Character encoding & the copyright symbol

R

Robert Dailey

Hello,

I'm loading a file via open() in Python 3.1 and I'm getting the
following error when I try to print the contents of the file that I
obtained through a call to read():

UnicodeEncodeError: 'charmap' codec can't encode character '\xa9' in
position 1650: character maps to <undefined>

The file is defined as ASCII and the copyright symbol shows up just
fine in Notepad++. However, Python will not print this symbol. How can
I get this to work? And no, I won't replace it with "(c)". Thanks!
 
P

Philip Semanchuk

Hello,

I'm loading a file via open() in Python 3.1 and I'm getting the
following error when I try to print the contents of the file that I
obtained through a call to read():

UnicodeEncodeError: 'charmap' codec can't encode character '\xa9' in
position 1650: character maps to <undefined>

The file is defined as ASCII and the copyright symbol shows up just
fine in Notepad++. However, Python will not print this symbol. How can
I get this to work? And no, I won't replace it with "(c)". Thanks!

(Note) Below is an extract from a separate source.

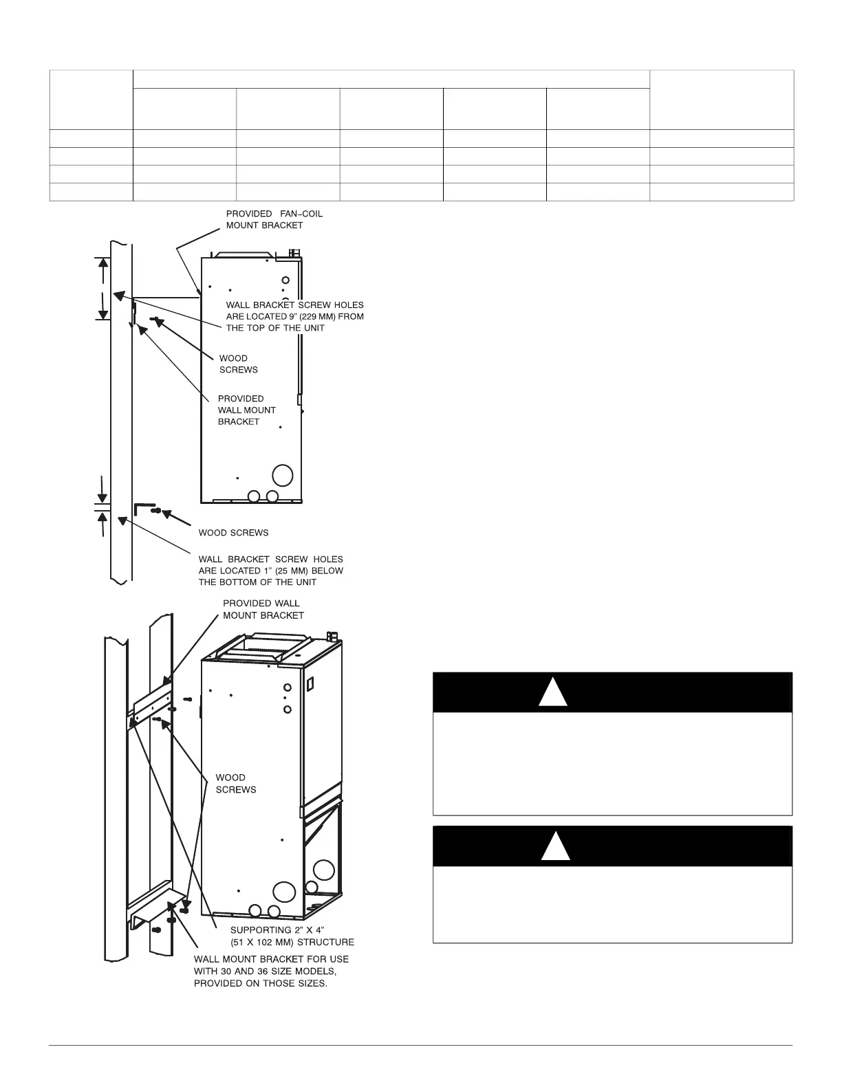 NOTE: Mounting wall and supporting structure must be able to support a minimum of

If the file is defined as ASCII and it contains 0xa9, then the file
was written incorrectly or you were told the wrong encoding. There is
no such character in ASCII which runs from 0x00 - 0x7f.

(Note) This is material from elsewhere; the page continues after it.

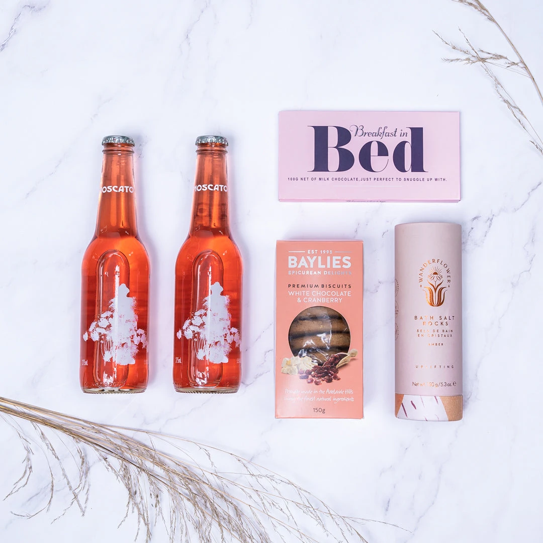 - Includes Moscato, chocolate, cookies and bath salt rocks

The copyright symbol == 0xa9 if the encoding is ISO-8859-1 or
windows-1252, and since you're on Windows the latter is a likely bet.

http://en.wikipedia.org/wiki/Ascii
http://en.wikipedia.org/wiki/Iso-8859-1
http://en.wikipedia.org/wiki/Windows-1252


Bottom line is that your file is not in ASCII. Try specifying
windows-1252 as the encoding. Without seeing your code I can't tell
you where you need to specify the encoding, but the Python docs should
help you out.


HTH
Philip
 
R

Richard Brodie

UnicodeEncodeError: 'charmap' codec can't encode character '\xa9' in
position 1650: character maps to <undefined>

The file is defined as ASCII.

That's the problem: ASCII is a seven bit code. What you have is
actually ISO-8859-1 (or possibly Windows-1252).

The different ISO-8859-n variants assign various characters to
to '\xa9'. Rather than being Western-European centric and assuming
ISO-8859-1 by default, Python throws an error when you stray
outside of strict ASCII.
 
R

Robert Dailey

That's the problem: ASCII is a seven bit code. What you have is
actually ISO-8859-1 (or possibly Windows-1252).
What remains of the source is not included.